**WORK ITEM:** Please print exactly the lines below, from the start of the material up to and including the line with "Marcapáginas metálico con", but none of the pictures.
BEGIN
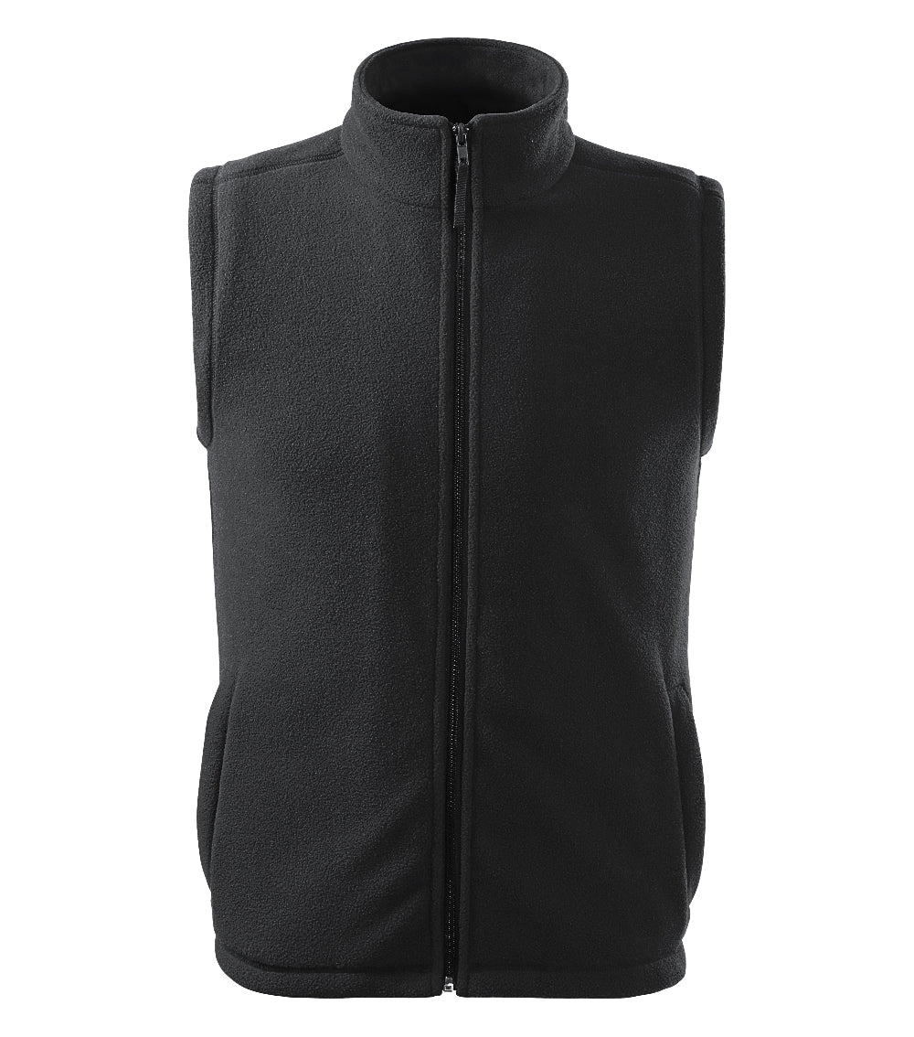 Vesta unisex fleece, din poliester, dintr-un material izolant cu fermoar spiralat pe toata lungimea. Totodata polarul are si buzunare cu fermoar.
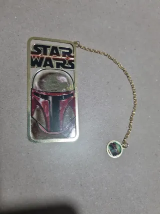 Marcapáginas metálico con diseño de Star Wars. - Acabado dorado. - Ilustración del casco de Boba Fett. - Cadena con pequeño colgante. - Licencia oficial de Star Wars.
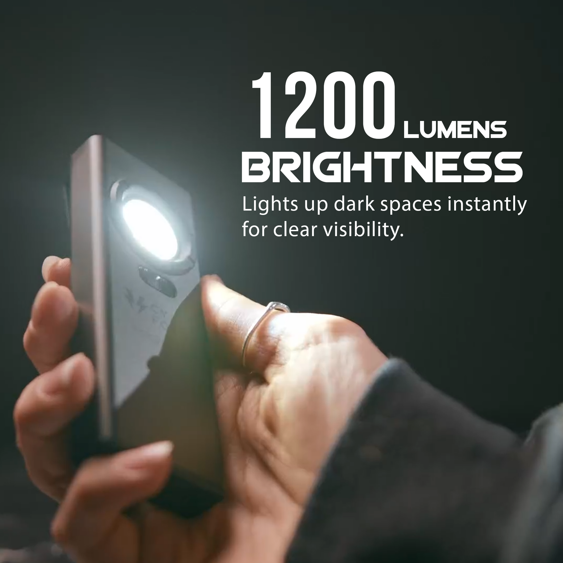 The Cyber Tools Pocket Flashlight pushes out 1,200 real lumens, bright enough to light up your entire garage, see clearly under a car hood, or spot objects over 100 feet away. It’s far brighter than a phone flashlight and punches way above its size.
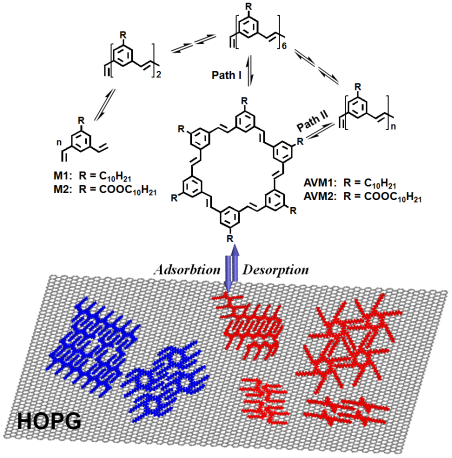 最近,天津大学理学院分子光电科学市重点实验室雷圣宾教授(Prof. Shengbin Lei)课题组和美国University of Colorado Boulder张伟教授(Prof. Wei Zhang)课题组合作在《Angew. Chem. Int. Ed.》上发表了题为《Surface-Confined Dynamic Covalent System Driven by Olefin Metathesis》的研究成果。作者采用1,3-二乙烯基-6-癸基苯(M1,R = C10H21)和1,3-二乙烯基-6-癸基苯甲酸酯(M2,R = COOC10H21)为反应前体分子,利用扫描隧道显微镜(scanning tunneling microscopy,STM)的原子级分辨率、以平整的高定向热解石墨(HOPG)为反应基底,研究了表面限域作用对烯烃复分解反应及环化过程的影响,以及反应温度、取代基和环境压力对产物分布的影响。烯烃复分解反应能够在溶液相中和界面上同时进行,通过线性六聚体的环化可以形成六聚大环(path I),同样更长的线性聚合物也可以通过回咬(backbiting)形成大环(path II)。研究结果表明,二烯单体在低温下生成寡聚物,分子链的长度会随着反应温度的升高而增长,最终生成热力学最稳定的六聚大环。单体和中间产物在HOPG表面的吸附和组装会极大降低被吸附物的平移和自由旋转能力,从而大大改变动态反应体系中的产物分布。假如其中一种产物在某一反应条件下能在HOPG表面形成稳定的组装结构,说明该产物在HOPG表面具有很强的亲和力,从而导致该产物在表面的扩增。因此,表面对产物的选择性吸附可以使得某种特定产物被放大,通过利用表面限域作用得到特定的中间产物,如二聚体。通过STM在HOPG表面上直接地观察到了动态烯烃复分解反应体系的结构变化,为烯烃复分解反应的反应机理提供了直接证据。这种表面限定的动态体系为表面支撑的不同寻常的分子组装和网格结构的发展提供了有趣的新方法。
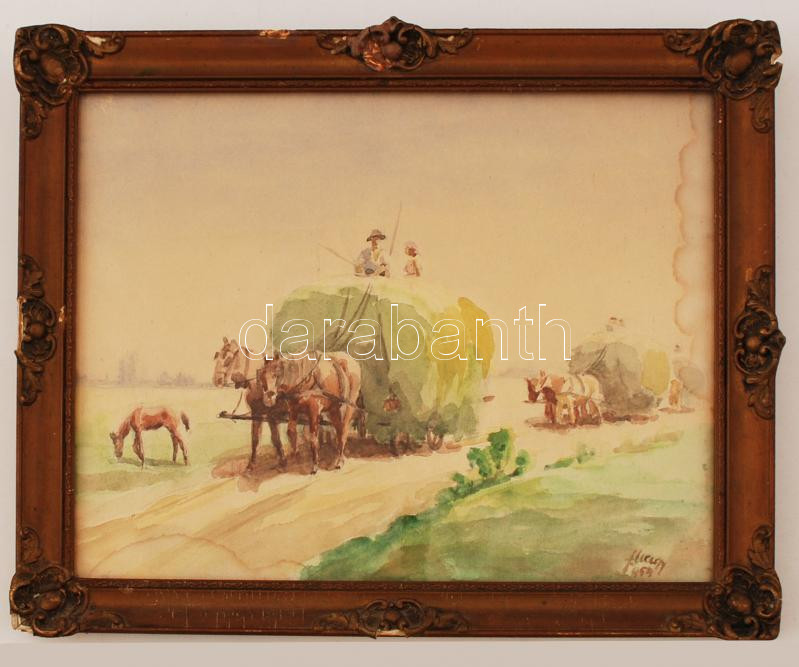 Olvashatatlan jelzéssel: Szénás szekér. Akvarell, papír, üvegezett ker... https://www.darabanth.com/de/267-Fernauktion/267.0/Andere-Sammelgebiete/Gemalde-und-Grafiken~1/Olvashatatlan-jelzessel-Szenas-szeker-Akvarell-papir-uvegezett-keretben-27C39735-cm~II1309287
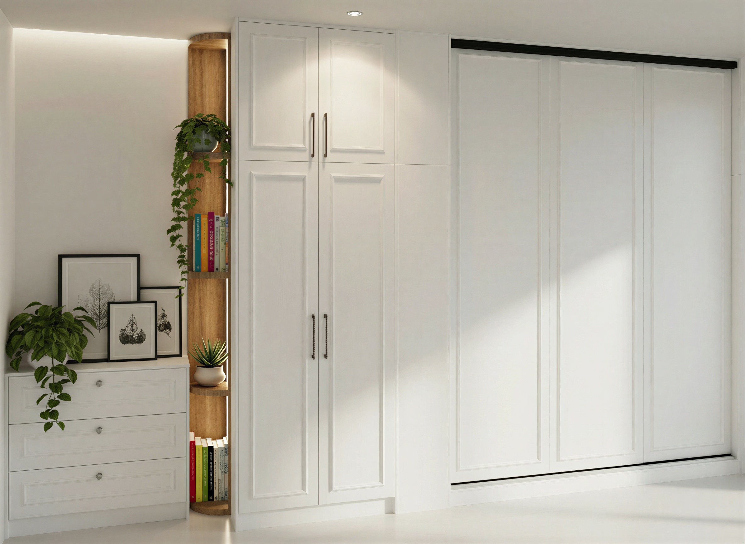 this image is a high quality 3d architectural visualization cgi while it is visually appealing and clean several technical markers distinguish it from an authentic photograph 1 lighting and shadows the spotlight effect the light hitting the top of the wardrobe is too perfect in a real photo you would see more light scatter or lens flare and the transition between light and dark on the white surface would be less uniform ambient occlusion the shadows in the corners and where objects meet like the picture frames on the dresser are very smooth real world shadows usually have more noise or slight irregularities based on the room s secondary light sources 2 texture and perfection surface consistency the white panels are mathematically flawless real furniture even when brand new shows micro textures slight reflections of the surrounding room or tiny dust particles when caught by direct light organic elements the plants are the biggest giveaway the leaves have a repetitive plastic sheen and lack the natural imperfections slight color variations wilted edges or varying thickness found in living plants 3 structural geometry flushed joins the way the wardrobe meets the ceiling and the floor is to the millimeter in real construction there is almost always a small gap a bead of caulk or a crown molding to hide the inevitable unevenness of a ceiling book spines the books on the shelves look like flat textures mapped onto boxes they lack the physical depth and individual wear and tear of real paper and cardboard summary the realism is excellent for design presentation purposes it successfully communicates the aesthetic and spatial layout however it lacks the visual grit and entropy that our eyes associate with a lived in physical environment
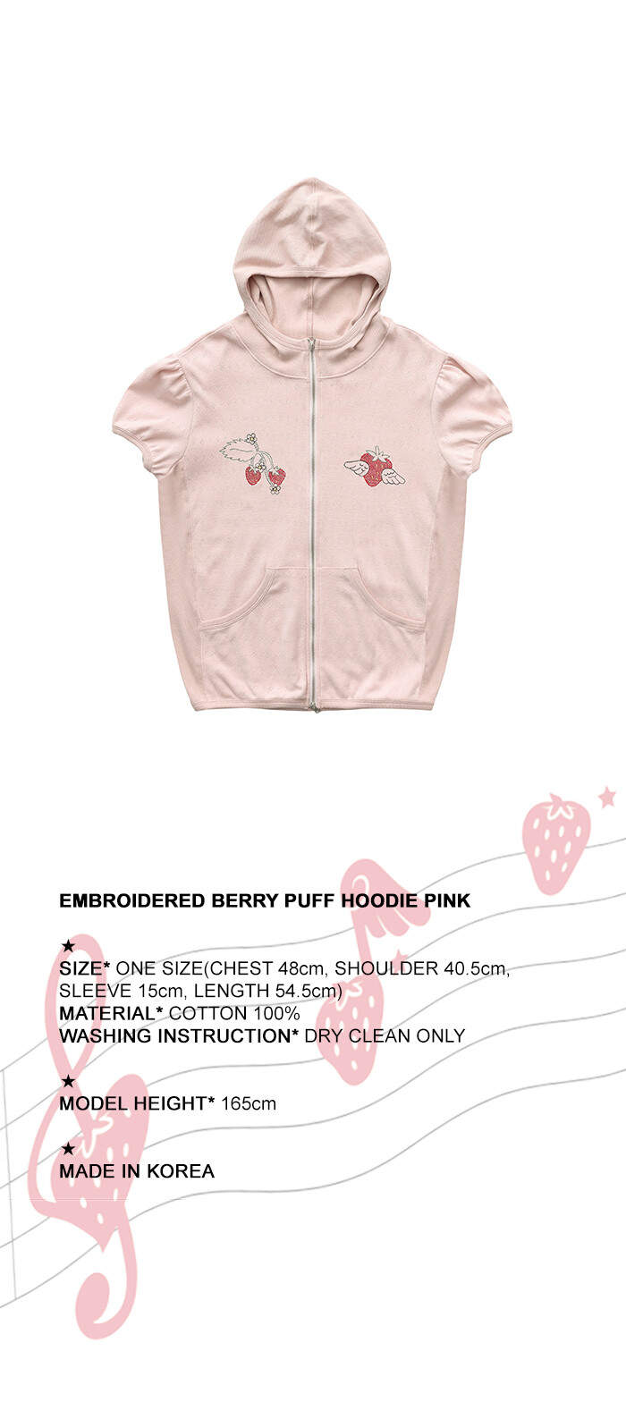 EMBROIDERED BERRY PUFF HOODIE PINK
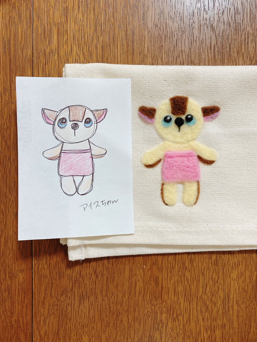 3 19 ランチョンマットに刺してみた。 目の位置が全然違った💦 #ターナーさん #羊毛フェルト 23/06/13 02:02
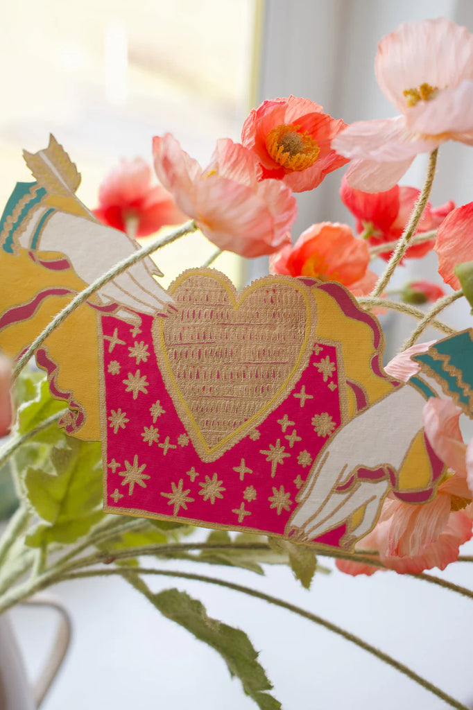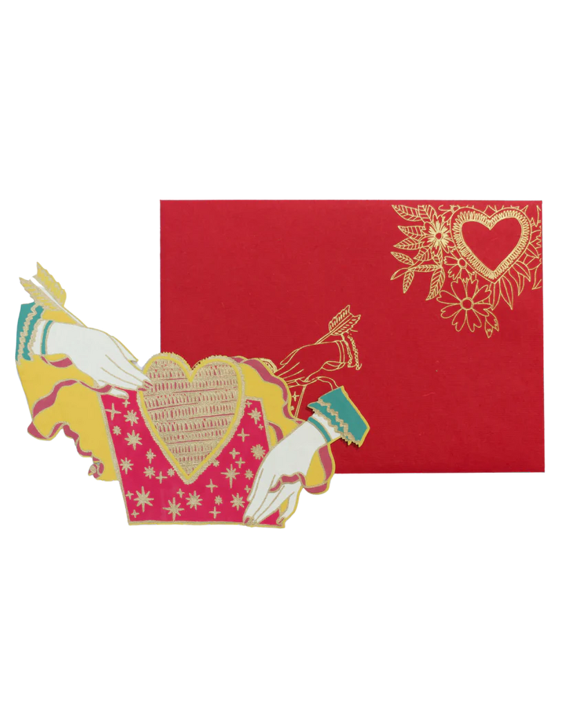 This greeting card has metallic gold details and is die cut into the shape of a heart. Complete with a text panel on the reverse for the sender's message, and with an illustrated envelope.
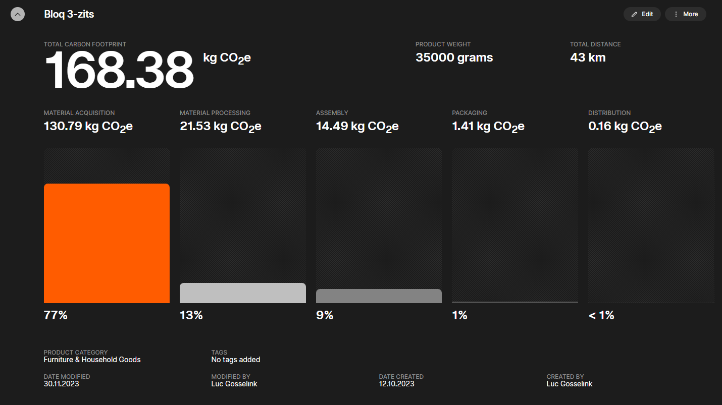 De Bloq 3-zits is 1 van de meestverkochte banken van Design on Stock. Ik was nieuwsgierig naar de CO2-impact van de productie van 1 zo'n bank.
END
**COMPLETED EXERCISE:**
 Vesta unisex fleece, din poliester, dintr-un material izolant cu fermoar spiralat pe toata lungimea. Totodata polarul are si buzunare cu fermoar.
 Marcapáginas metálico con diseño de Star Wars. - Acabado dorado. - Ilustración del casco de Boba Fett. - Cadena con pequeño colgante. - Licencia oficial de Star Wars.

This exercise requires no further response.